Similarly, the situation is not so pleasing for secondary school and college students for both developed and developing countries like Botswana. According to Yates and Ward (2011), in a 10-year period between the years 1997 and 2008, high school seniors in 47 states in the United States took a Jump$tart quiz that assessed content knowledge on economics and personal finance, scoring an average of 53% (Grade F). Jump$tart (2014) reports on the results of a survey of 962 first-year students from five universities and colleges across the United States who took a 50-item knowledge quiz covering five core areas of financial literacy (earning, spending, saving, borrowing, and protecting). None of the students scored an “A” grade, 11% obtained grade “B,” 22% scored a “C,” and 67% scored in the range of “D” to “F.” In addition, 37% students also indicated that finances gave them stress, 60% spent their means without using a budget, 70% either had a student loan or had intentions of getting one before they graduated, and 30% did not keep track of their spending.
A recent study by Pelaelo and Swami (2014) on personal financial management and financial stability of tertiary education students in Botswana found that although a substantial number students purport to prepare a budget for their finances, they spend the bulk of their income (living allowance) in the first few weeks of the month. Although this may be understandable for students who live off-campus because they incur many expenses such as rent, transportation, utilities, and others, on-campus students seem to lack restraint comparatively. Pelaelo and Swami find that 20% use up all their money in the first week of the month and another 60% in the first 2 weeks. Many of these students would then ask for supplementary funds from family and others which are never paid back. Such situations could be averted if these students came into tertiary education financially literate, a recommendation the duo also make. The consoling finding about college students is that their financial literacy was shown to improve with every year of tertiary education, reaching an average of 64.8% in their final year (Mandell, 2009, cited in Yates & Ward, 2011). More exposure that comes with living away from parents and getting to make financial decisions individually could be an explanation of this phenomenon.
Studies have shown that financial literacy skills gained at a young age last to adulthood. Bernheim, Garret, and Maki (2001) undertook a study that assessed the impact of financial literacy taught at high school level. The study found that students who were exposed to a financial literacy curriculum differed significantly from those who lacked such exposure. The students who took personal finance fared better as adults in terms of financial knowledge, savings, and wealth amassed. A later study by Peng, Bartholomae, Fox, and Cravers (2007) that examined the impact of financial literacy at high school level and college education somewhat corroborated these findings. They found that earlier experience with personal finance correlated with savings rates later on in life.

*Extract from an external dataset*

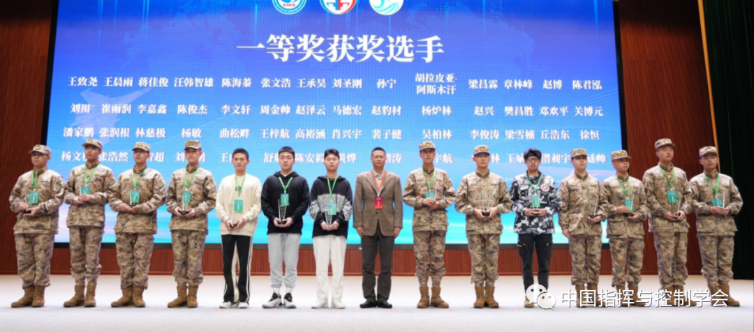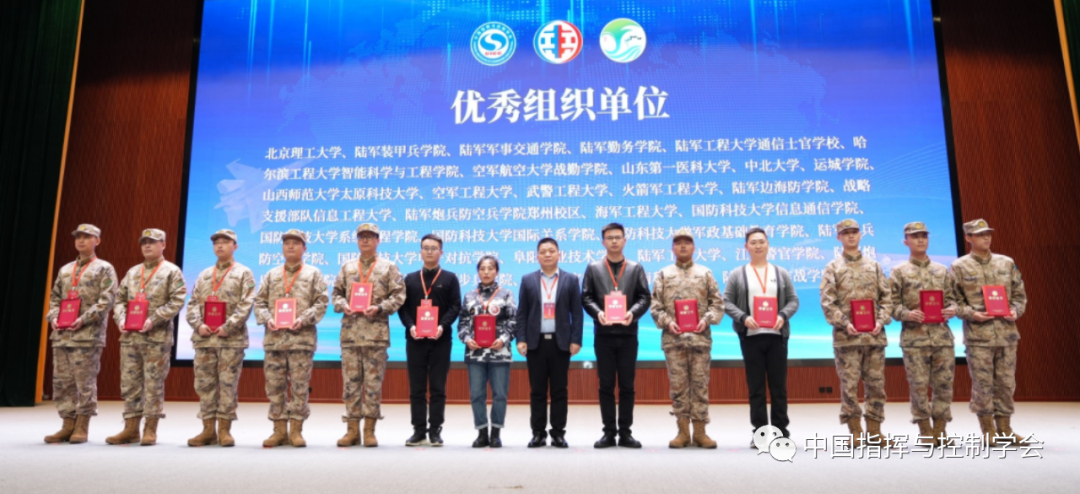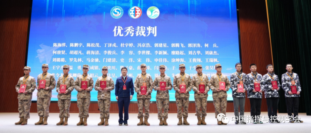 周刚院长、张勇副院长,学会智能博弈与兵棋推演专委会黄金才主任、金磊副主任等领导分别为获奖选手、指导老师、优秀裁判、优秀组织单位、特别贡献单位颁奖。中国指挥与控制学会理事长费爱国院士,安徽省张红文副省长,省发改委徐成然副主任,黄山市孙勇市长,国防科技大学系统工程98堂

It is therefore plausible to deduce from these studies that financial education has a positive impact on the financial management skills of young people which they carry into adulthood—It results in lasting habits.
Introducing personal finance at an earlier stage in the life of the youth does not only give high school students content knowledge about personal finance, it also gives them opportunities to develop positive financial habits they can carry on in life. In addition, teaching PFL at high school opens to young people more career opportunities in the world of personal financial management. Their job portfolio would entail such functions as retirement planning, advising people on insurance, investments, and other financial products in consultancy firms, insurance companies and banks, and other financial institutions. As employees, they may hold positions of financial planners and advisors, financial analysts, insurance brokers, wealth management professionals among others. The secondary school financial literacy program would lay foundation for tertiary education and career choice.

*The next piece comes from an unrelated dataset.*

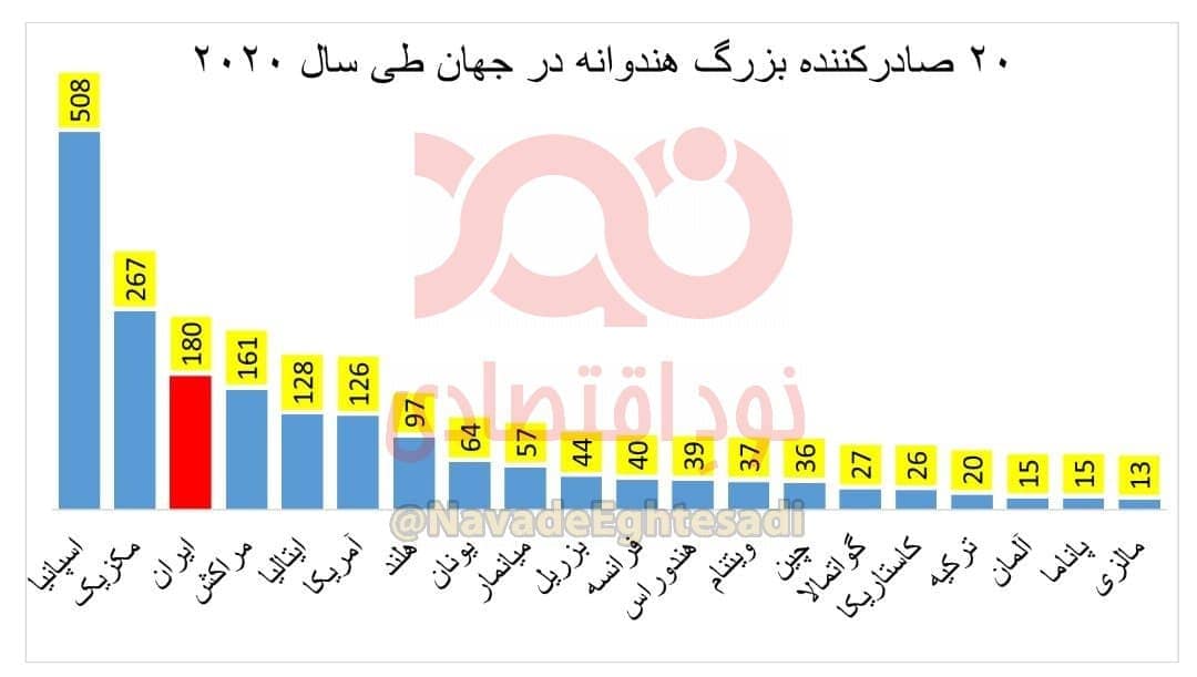 به گزارش پایگاه خبری یاز اکو به نقل از نود اقتصادی: درحالی که ایران در یک منطقه خشک و نیمهخشک قرار دارد و به ازای تولید هر کیلو هندوانه در ایران ۲۸۶ لیتر آب مصرف میشود، اما آمارها نشان میدهد ایران پس از کشورهای اسپانیا و مکزیک، با صادرات سالانه ۱۷۰ تا ۱۸۰ میلیون دلار هندوانه در رتبه سوم جهان قرار دارد.

It has also been found out that financial illiteracy has far-reaching consequences. It is important because the lack thereof can have a devastating impact at personal and macroeconomic levels (Jefferis, 2012). When people lack financial knowledge, they are more inclined to making unwise and costly financial decisions in relation to borrowing, savings, investments, and retirement planning (Chen & Volpe, 1998 cited in Lusardi, 2008; Peng et al., 2007). The recession of 2008, which was the most devastating financial crisis in recent times since the great depression of the 1930s is a case in point. It led to foreclosures, bankruptcies, job losses, escalating credit card problems, and affected the global economy as well. According to Georgiou (2015), the financial crisis of 2008 was caused by a lack of financial knowledge in the general populace and the dishonesty of financial institutions.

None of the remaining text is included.